THE TASK:
Would you return, word for word, the lines running from the one with "White Gold Rhodium Bonded" to the final line of the listing below, pictures omitted?

SOURCE DATA:
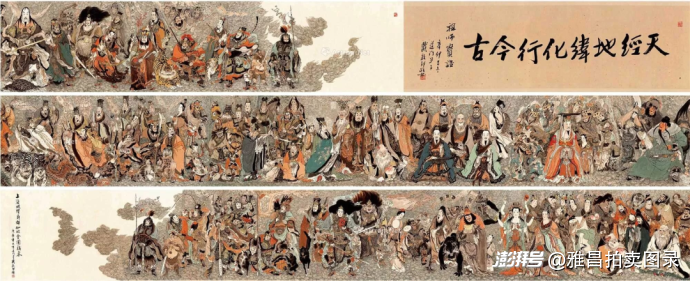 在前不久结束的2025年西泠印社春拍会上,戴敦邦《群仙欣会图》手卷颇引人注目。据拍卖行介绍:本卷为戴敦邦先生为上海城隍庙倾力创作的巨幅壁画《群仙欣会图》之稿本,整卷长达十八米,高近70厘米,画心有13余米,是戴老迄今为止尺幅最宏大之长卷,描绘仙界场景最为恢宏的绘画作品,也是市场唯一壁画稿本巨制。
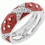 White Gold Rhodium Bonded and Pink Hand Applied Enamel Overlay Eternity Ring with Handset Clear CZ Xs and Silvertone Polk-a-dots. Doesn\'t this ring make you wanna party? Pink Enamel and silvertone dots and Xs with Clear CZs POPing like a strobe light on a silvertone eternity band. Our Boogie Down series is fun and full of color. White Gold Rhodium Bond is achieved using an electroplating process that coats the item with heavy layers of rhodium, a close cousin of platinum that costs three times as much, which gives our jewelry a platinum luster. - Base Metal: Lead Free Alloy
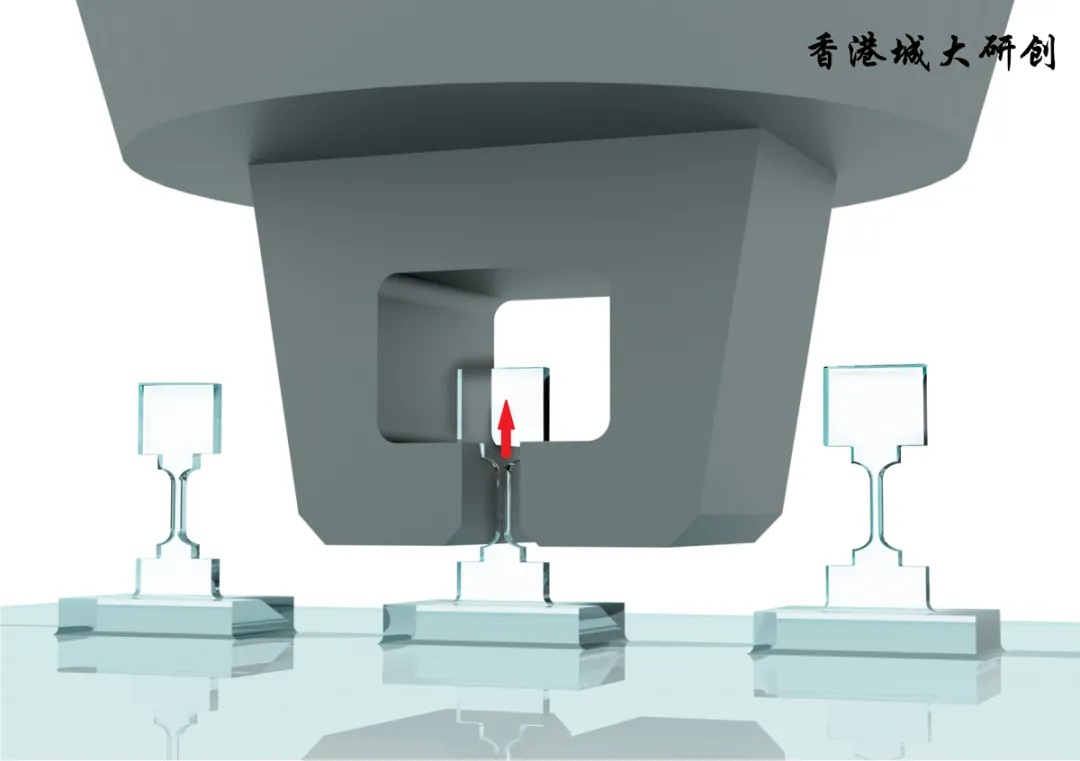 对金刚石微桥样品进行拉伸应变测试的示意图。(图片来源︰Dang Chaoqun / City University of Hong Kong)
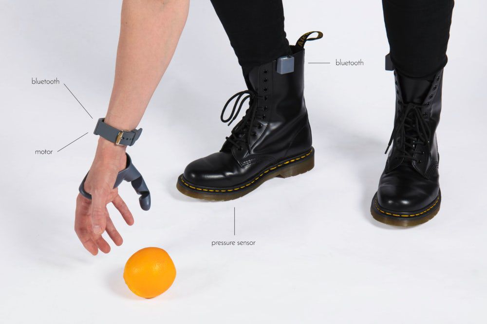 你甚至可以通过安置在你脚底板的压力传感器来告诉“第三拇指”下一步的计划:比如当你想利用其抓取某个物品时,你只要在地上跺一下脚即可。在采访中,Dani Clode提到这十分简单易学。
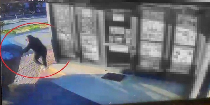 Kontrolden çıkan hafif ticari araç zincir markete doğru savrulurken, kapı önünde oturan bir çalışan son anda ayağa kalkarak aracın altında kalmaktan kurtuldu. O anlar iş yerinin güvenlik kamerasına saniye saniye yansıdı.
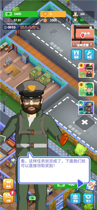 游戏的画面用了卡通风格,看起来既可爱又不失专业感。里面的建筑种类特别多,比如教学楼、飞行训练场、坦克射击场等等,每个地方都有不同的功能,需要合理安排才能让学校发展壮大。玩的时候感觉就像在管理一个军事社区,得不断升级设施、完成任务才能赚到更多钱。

SOLUTION FOR THIS PROBLEM:
 White Gold Rhodium Bonded and Pink Hand Applied Enamel Overlay Eternity Ring with Handset Clear CZ Xs and Silvertone Polk-a-dots. Doesn\'t this ring make you wanna party? Pink Enamel and silvertone dots and Xs with Clear CZs POPing like a strobe light on a silvertone eternity band. Our Boogie Down series is fun and full of color. White Gold Rhodium Bond is achieved using an electroplating process that coats the item with heavy layers of rhodium, a close cousin of platinum that costs three times as much, which gives our jewelry a platinum luster. - Base Metal: Lead Free Alloy
 对金刚石微桥样品进行拉伸应变测试的示意图。(图片来源︰Dang Chaoqun / City University of Hong Kong)
 你甚至可以通过安置在你脚底板的压力传感器来告诉“第三拇指”下一步的计划:比如当你想利用其抓取某个物品时,你只要在地上跺一下脚即可。在采访中,Dani Clode提到这十分简单易学。
 Kontrolden çıkan hafif ticari araç zincir markete doğru savrulurken, kapı önünde oturan bir çalışan son anda ayağa kalkarak aracın altında kalmaktan kurtuldu. O anlar iş yerinin güvenlik kamerasına saniye saniye yansıdı.
 游戏的画面用了卡通风格,看起来既可爱又不失专业感。里面的建筑种类特别多,比如教学楼、飞行训练场、坦克射击场等等,每个地方都有不同的功能,需要合理安排才能让学校发展壮大。玩的时候感觉就像在管理一个军事社区,得不断升级设施、完成任务才能赚到更多钱。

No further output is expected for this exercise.